── WORKING DATA
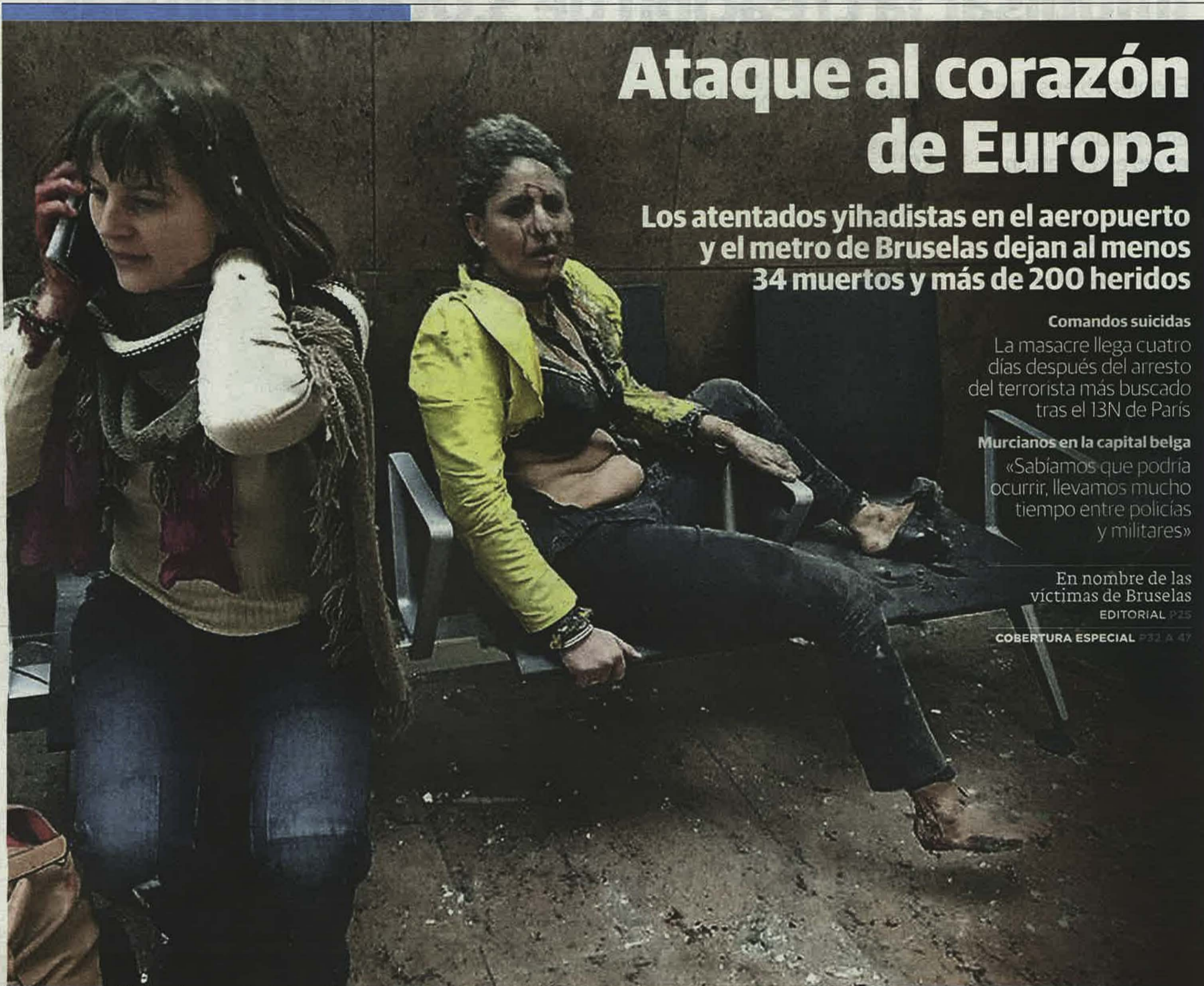
Dos mujeres heridas en el aeropuerto de Zaventem, aún bajo los efectos de la conmoción y con varios cortes en el cuerpo, intentan recomponerse tras la explosión.
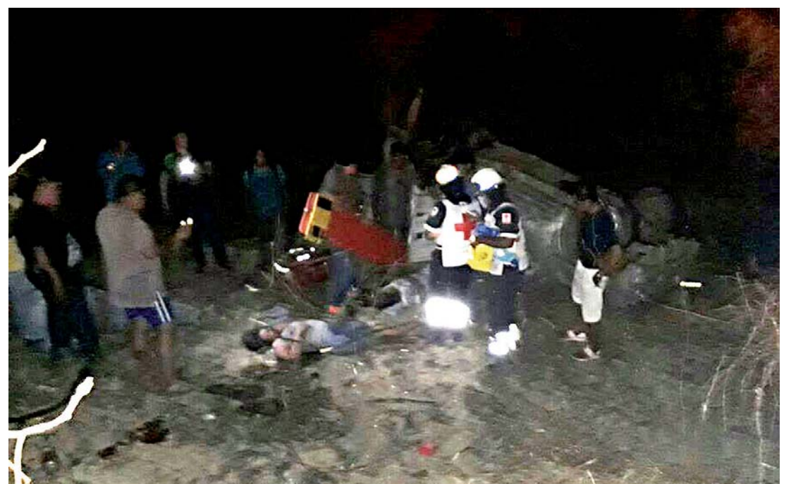
► Elementos de la Cruz Roja auxiliaron a los lesionados en el accidente.
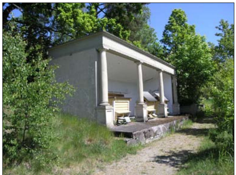
Bigården sedd från sydväst. Lp20080679
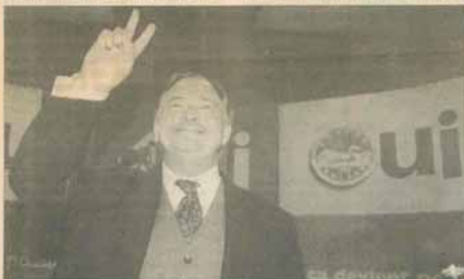
Jacques Parizeau, primul-ministru Quebec-ului, în timpul unui miting electoral (9 noiembrie). Pe atunci era convins că Quebec-ul își poate cuceri independența fără a se ajunge la o ruptură totală de Canadea

Traducere și adaptare după revista „Time” de ADRIANA TUDOR
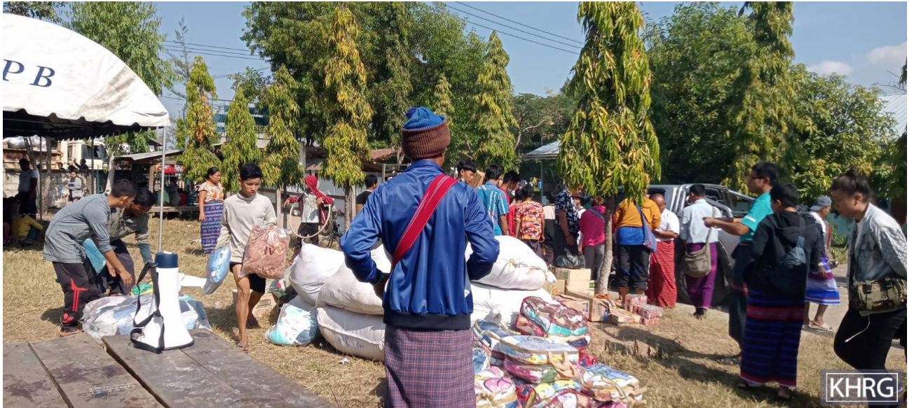
၂၀၂၁ ခုနှစ်၊ ဒီဇင်ဘာလအတွင်း လေးကေကော်ဒေသတွင် တိုက်ပွဲများဖြစ်ပွားပြီးနောက် ဒူးပလာယာခရိုင်၊ ကော်တရီမြို့နယ်ရှိ ဖလူးကြီးအထက်တန်းကျောင်းသည် စစ်ပြေးရှောင်ရွာသားများအတွက် အရေးပေါ်အကူအညီပေးရန် အရေးပါသည့်နေရာတစ်ခုဖြစ်လာခဲ့သည်။ ဒေသခံလူမှုအသိုက်အဝန်းများနှင့် ထိုင်း-မြန်မာနယ်စပ်တွင်အခြေစိုက်သည့် CSO/CBO အဖွဲ့အစည်းများမှ စစ်ပြေးရှောင်ရွာသားများအား ကူညီထောက်ပံ့မှုများပေးခဲ့သည်။

ဤအစီရင်ခံစာတွင် ကရင်ပြည်နယ်၏ မြေပြင်အခြေအနေအပါအဝင် ရွာသားများနှင့် လူမှုအသိုက်အဝန်းမှ လိုအပ်ချက်များအား ဖော်ပြထားပါသည်။ ထို့အပြင် ၎င်းတို့အား ကူညီထောက်ပံ့မှုများအားပေးရန် ကြိုးပမ်းနေသည့်အဖွဲ့အစည်းများ၏ အားထုတ်မှုများနှင့် ကြုံတွေ့နေရသည့်စိန်ခေါ်မှုများကိုပါ ထည့်သွင်းဖော်ပြထားပါသည်။ ထို့နည်းတူ လူသားချင်းစာနာထောက်ထားမှုဆိုင်ရာ အကူအညီတွင် ပါဝင်လုပ်ဆောင်သူများအနေဖြင့် အကူအညီပေးနိုင်မည့်နည်းလမ်းများအား မည်ကဲ့သို့ အကောင်အထည်ဖော်နိုင်သည်ကို ကောင်းမွန်စွာအကဲဖြတ်နိုင်ရန်အတွက် လက်ရှိအကူအညီပေးသည့်အဖွဲ့အစည်းများမှ ၎င်း၏ပစ်မှတ်ထားသည့် အကူအညီလက်ခံရရှိသူများထံ ထိရောက်စွာရောက်ရှိမှုအပေါ် ဟန့်တားထားသည့် အဓိကထောက်ပံ့ပို့ဆောင်ရေးနှင့် လုံခြုံရေးဆိုင်ရာ အတားအဆီးများကိုလည်း လေ့လာသုံးသပ်ထားပါသည်။ ဤအစီရင်ခံစာတွင် ဒေသခံအဖွဲ့အစည်းများ၏ ကြိုးပမ်းအားထုတ်မှုများနှင့် ပဏာမခြေလှမ်းများသည် လှစ်ဟာမှုများအား မည်သို့ဖြည့်ဆည်းပေးနေသည်ကို ထည့်သွင်းဖော်ပြထားပါသည်။ ထို့အပြင် ဒေသခံအဖွဲ့အစည်းများလုပ်ဆောင်နေသည့်လမ်းကြောင်းများကို အသိအမှတ်ပြုသင့်ပြီး ၎င်းတို့၏ရင်းနှီးမြှုပ်နှံမှုများသည် လက်ရှိလိုအပ်ချက်များဖြေရှင်းရာတွင်သာမက ရေရှည်တွင် ပိုမိုရေရှည်တည်တံ့သောယန္တရားများကို ပံ့ပိုးပေးခြင်းဖြင့် ပိုမိုထိရောက်သောနည်းလမ်းများပါ မီးမောင်းထိုးပြထားပါသည်။
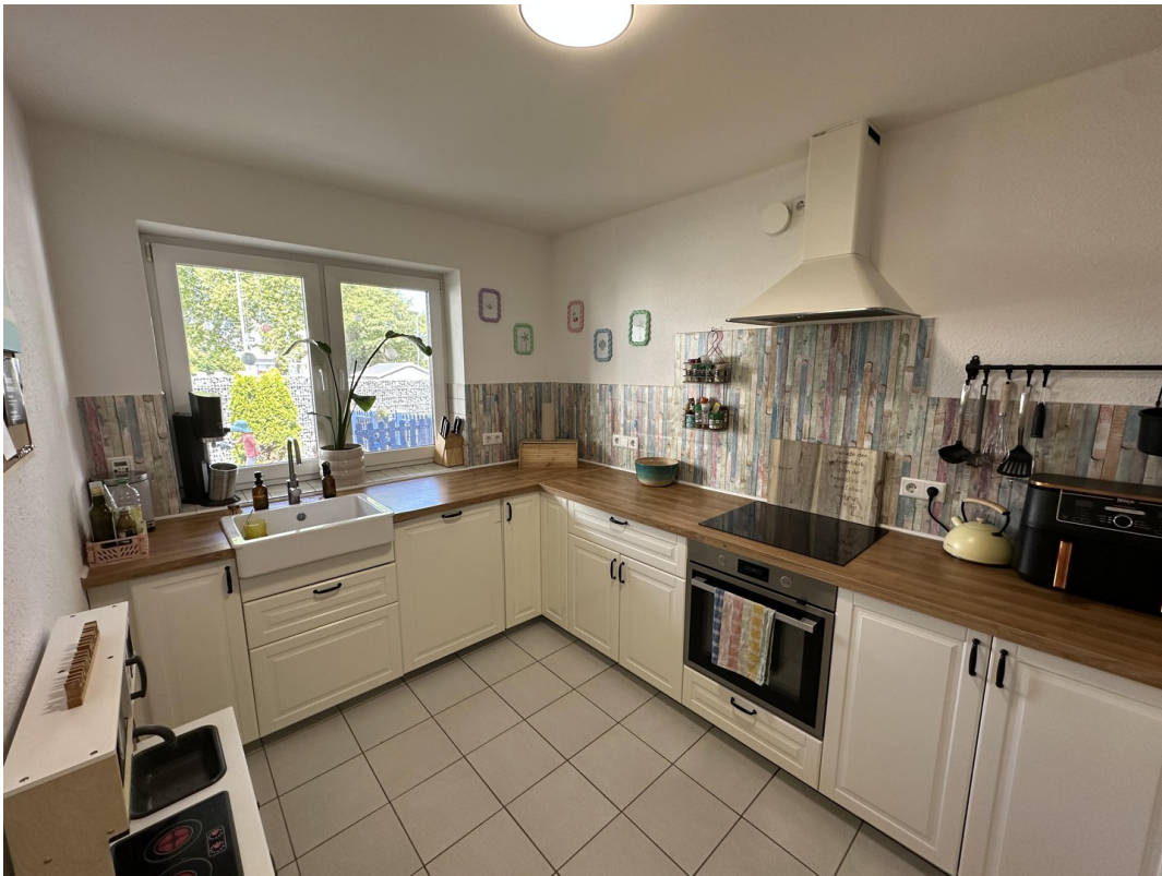
Einbauküche (Eigentum Mieter)
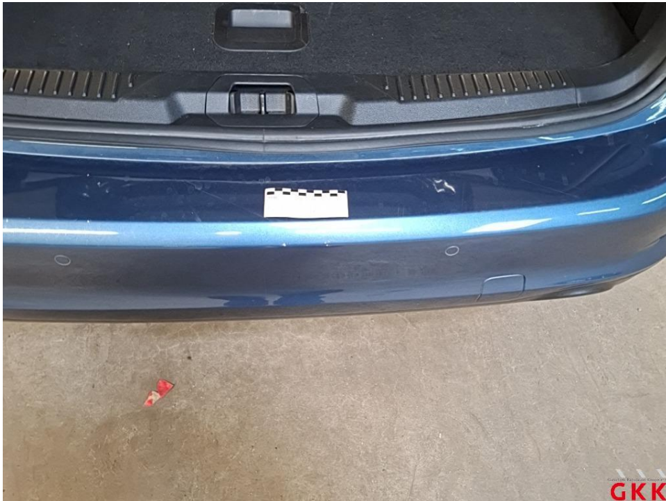
Bild 17 Stoßfänger hinten, Verkleidung -lackiert-, verkratzt, lackieren
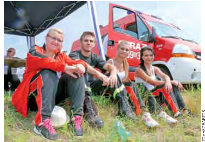
Wśród widzów zawodów znaleźli się zawodnicy i zawodniczki, którzy obserwowali poczynania rywali.
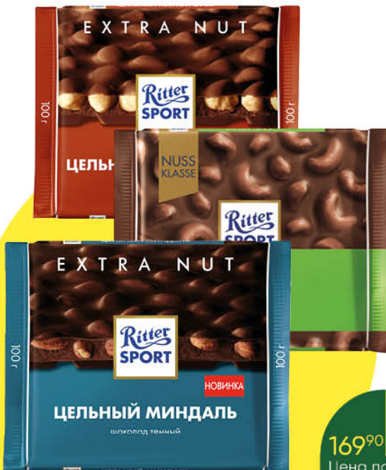
Шоколад RITTER SPORT в ассортименте, 100 г

189 90 26% ЭКОНОМИЯ Цена по карте 139 90
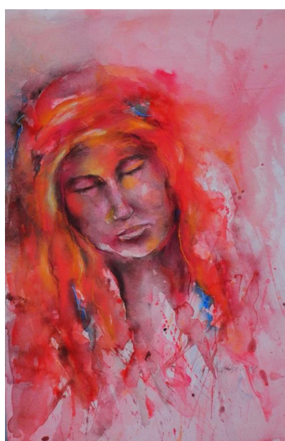
Uneksivan unia, akvarelli, v. 2008
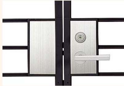
●ブラック+●ヘアライン
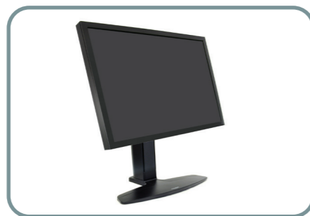
Neo-Flex Lyftstativ för bredbildsskärm
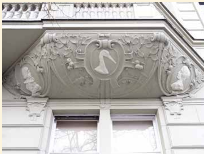
Obr. 29A–B. Praha 2-Vinohrady, čp. 1332. Firma Kuneš a Rákosník, 1905: výzdoba konzol balkonu domu v Kladské 13.

původní zdobnou neorenesanční fasádu s ženskou personifikací v nice středního štítu. Dekorace tohoto průčelí patří k četným příkladům prací Kunešovy a Rákosníkovy firmy, které zcela zanikly v důsledku pozdějších purizujících úprav.
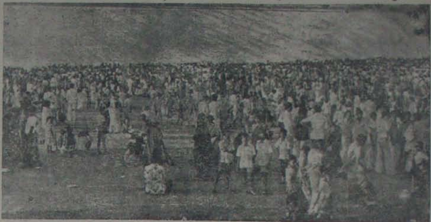
నెల్లూరు కలెక్టరేట్లో పుచ్చారంపేటలో జరిగిన రోజుల పండగలో జనసందోహం.

వెల్లూరు 871 మందికి 57 మంది వీరిలో గ్రామీణులు కలారు. కాటాకా బోర్డు మొత్తం 10,000 ఓట్లకు ఎక్కువ కావరి కావాలి. దానిలో 388 ఓట్లు 54 మంది, పోలవరంపాడులో 385 మందికి 32, కొమ్మిలో 650 మందికి మొత్తం మొగ్గు, జలంపేటలో 527 మందికి 54 గురు, ఇక అదిమూర్తి పురంలో 282 మందికి ఒక్కరూ ఓటు చెల్లలేదు. కలిగిలో 387 మందికి మొత్తం కాని, కావరిలో 854 మందికి 358 మంది ఓటు చేశారు. కావరి పెద్ద కెటాకా నాయకులు జనీవను వరించారన్న మాట. ఏ పార్టీ అధికారంలో ఉంటే దాన్ని అధికారం చేశారు అని అంటుంటే ఇక్కడ వుంది. గూడూరు మేల 650 మందికి 26 మంది ఓటు చేశారు. మరి, నెల్లూరు బొనుగూరు పోలైంది తొమ్మిదివేలే!
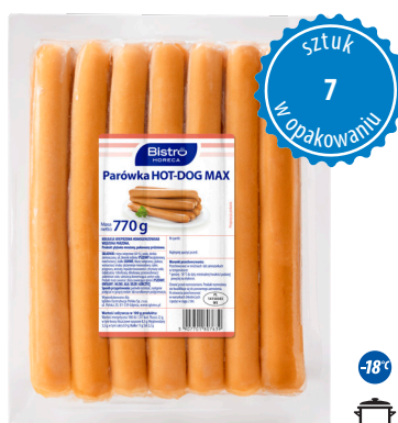
Parówka HOT-DOG MAX

gramatura 770 g EAN 5 907 701 807 653 szt. w opak. zb. 8 szt. na warstwie 64
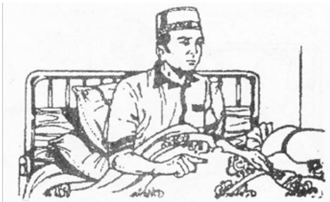
Duduk Tahiyat Awal/akhir
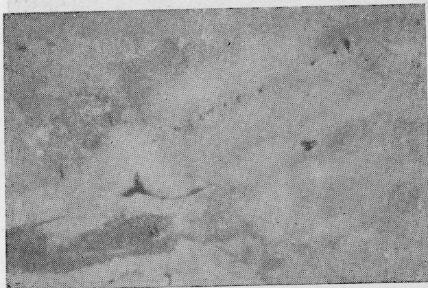
Pojedini djelovi strše iz mora (pijeska)
────
» WHAT YOU WILL DO
Copy, without the pictures, exactly the lines from the line with "Wśród widzów zawodów" through the end of the material above, both ends included.

» YOUR SOLUTION
Wśród widzów zawodów znaleźli się zawodnicy i zawodniczki, którzy obserwowali poczynania rywali.
Шоколад RITTER SPORT в ассортименте, 100 г

189 90 26% ЭКОНОМИЯ Цена по карте 139 90
Uneksivan unia, akvarelli, v. 2008
●ブラック+●ヘアライン
Neo-Flex Lyftstativ för bredbildsskärm
Obr. 29A–B. Praha 2-Vinohrady, čp. 1332. Firma Kuneš a Rákosník, 1905: výzdoba konzol balkonu domu v Kladské 13.

původní zdobnou neorenesanční fasádu s ženskou personifikací v nice středního štítu. Dekorace tohoto průčelí patří k četným příkladům prací Kunešovy a Rákosníkovy firmy, které zcela zanikly v důsledku pozdějších purizujících úprav.
నెల్లూరు కలెక్టరేట్లో పుచ్చారంపేటలో జరిగిన రోజుల పండగలో జనసందోహం.

వెల్లూరు 871 మందికి 57 మంది వీరిలో గ్రామీణులు కలారు. కాటాకా బోర్డు మొత్తం 10,000 ఓట్లకు ఎక్కువ కావరి కావాలి. దానిలో 388 ఓట్లు 54 మంది, పోలవరంపాడులో 385 మందికి 32, కొమ్మిలో 650 మందికి మొత్తం మొగ్గు, జలంపేటలో 527 మందికి 54 గురు, ఇక అదిమూర్తి పురంలో 282 మందికి ఒక్కరూ ఓటు చెల్లలేదు. కలిగిలో 387 మందికి మొత్తం కాని, కావరిలో 854 మందికి 358 మంది ఓటు చేశారు. కావరి పెద్ద కెటాకా నాయకులు జనీవను వరించారన్న మాట. ఏ పార్టీ అధికారంలో ఉంటే దాన్ని అధికారం చేశారు అని అంటుంటే ఇక్కడ వుంది. గూడూరు మేల 650 మందికి 26 మంది ఓటు చేశారు. మరి, నెల్లూరు బొనుగూరు పోలైంది తొమ్మిదివేలే!
Parówka HOT-DOG MAX

gramatura 770 g EAN 5 907 701 807 653 szt. w opak. zb. 8 szt. na warstwie 64
Duduk Tahiyat Awal/akhir
Pojedini djelovi strše iz mora (pijeska)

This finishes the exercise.